Par rapport à ces formidables enjeux, l’objet limité de la proposition de loi peut inspirer deux attitudes opposées.
Il va de soi, et l’auteur de la proposition en convient, que l’aménagement des trois taxes indirectes qu’il nous propose ne répond pas aux attentes d’un aggiornamento de la fiscalité du numérique. Sans doute peut-on être sensible à l’intention de combler les lacunes de la proposition de loi par la prescription faite au Gouvernement de rendre un rapport couvrant plus complètement les enjeux et embrassant notamment l’imposition des bénéfices et le régime de TVA appliqué à l’économie numérique.

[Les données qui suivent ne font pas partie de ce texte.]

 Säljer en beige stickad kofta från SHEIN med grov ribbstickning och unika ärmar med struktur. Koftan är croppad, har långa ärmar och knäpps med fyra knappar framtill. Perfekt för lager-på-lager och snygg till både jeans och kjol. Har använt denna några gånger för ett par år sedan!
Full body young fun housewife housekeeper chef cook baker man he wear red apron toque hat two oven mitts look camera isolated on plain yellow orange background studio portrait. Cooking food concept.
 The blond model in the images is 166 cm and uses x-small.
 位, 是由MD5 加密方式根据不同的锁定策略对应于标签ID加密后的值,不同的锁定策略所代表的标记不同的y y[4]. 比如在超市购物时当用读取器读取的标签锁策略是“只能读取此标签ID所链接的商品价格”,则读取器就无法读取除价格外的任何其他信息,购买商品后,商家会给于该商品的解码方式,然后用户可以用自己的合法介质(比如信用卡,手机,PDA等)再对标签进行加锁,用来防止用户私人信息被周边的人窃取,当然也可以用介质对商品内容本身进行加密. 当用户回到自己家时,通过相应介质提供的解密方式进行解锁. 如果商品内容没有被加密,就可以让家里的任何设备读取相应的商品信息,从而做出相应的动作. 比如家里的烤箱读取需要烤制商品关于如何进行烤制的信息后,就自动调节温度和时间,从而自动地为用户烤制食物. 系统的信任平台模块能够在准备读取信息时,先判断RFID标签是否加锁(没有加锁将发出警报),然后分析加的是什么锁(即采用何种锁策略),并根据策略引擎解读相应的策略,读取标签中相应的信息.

C’est d’ailleurs un vœu qui se trouve en partie satisfait par la remise très récente du rapport de MM. Pierre Collin et Nicolas Colin, qui justifie pour partie l’ajournement de notre œuvre législative.

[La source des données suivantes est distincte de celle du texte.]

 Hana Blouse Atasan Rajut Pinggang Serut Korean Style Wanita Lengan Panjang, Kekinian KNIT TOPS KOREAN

Mais enfin, on pourrait tout aussi bien décider de prendre ce qui ne serait plus à prendre et, ainsi, adopter les dispositifs de la proposition de loi ! La commission du développement durable a été d’avis de ne pas céder à cette tentation. Elle a considéré que l’exploration d’une démarche globale, dans laquelle le Gouvernement s’est justement engagé, devait prévaloir pour réussir la réforme fiscale qu’appelle le développement du numérique.

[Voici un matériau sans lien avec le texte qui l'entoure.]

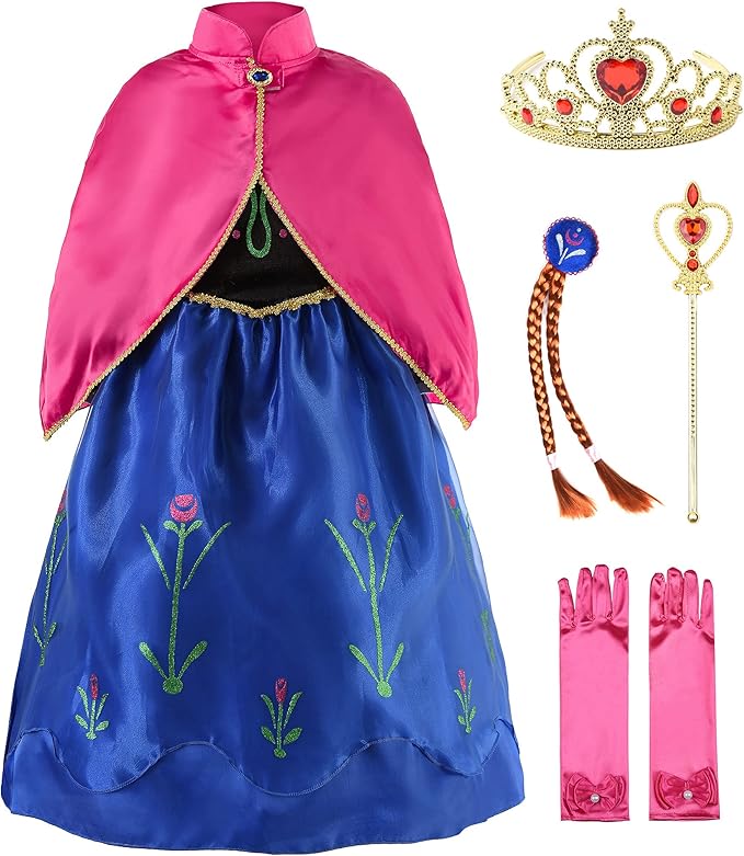 Princess Costume Fancy Dress Up with Accessories(Crown+Wand+Earrings+Gloves)

Il y a d’ailleurs des inconvénients non négligeables à procéder sur le mode de la proposition de loi.
La distorsion de notre système de prélèvements obligatoires, qui est le résultat du relais pris par les impositions indirectes devant les transferts des bases d’imposition directe destinés à les soustraire à l’impôt, n’est pas neutre pour nos équilibres économiques et sociaux.
Toutefois, et surtout, il existe des doutes sérieux quant à la solidité de la construction fiscale proposée par notre collègue. Certes, nous devons déplorer l’intégrisme manifesté par les juridictions européennes dès que sont en cause les libertés fondamentales inscrites dans les traités européens, mais nous ne pouvons pas le négliger. Et nous ne savons pas au juste si l’astucieuse alternative entre le régime de la représentation fiscale et celui de la déclaration, qui est censée permettre d’ancrer fiscalement les bases d’imposition couvertes par la proposition de loi, trouverait grâce aux yeux du droit européen.
Nous avons trop l’habitude de censures qui finissent par coûter cher à nos finances publiques. Qu’il s’agisse de certaines formes de retenue à la source ou de certaines taxes supposées assurer l’équilibre de notre paysage audiovisuel, nous sommes payés d’expérience !
Je ferai une remarque incidente à ce propos pour vous demander, madame la ministre, de faire part haut et fort de notre réprobation face à des attitudes ignorant l’état réel de la concurrence fiscale abusive qui fait rage dans l’Union européenne et qui tarit les financements si nécessaires à l’atteinte de l’objectif, aussi inlassablement martelé que désespérément reporté, de faire de l’Europe l’économie la plus compétitive du monde.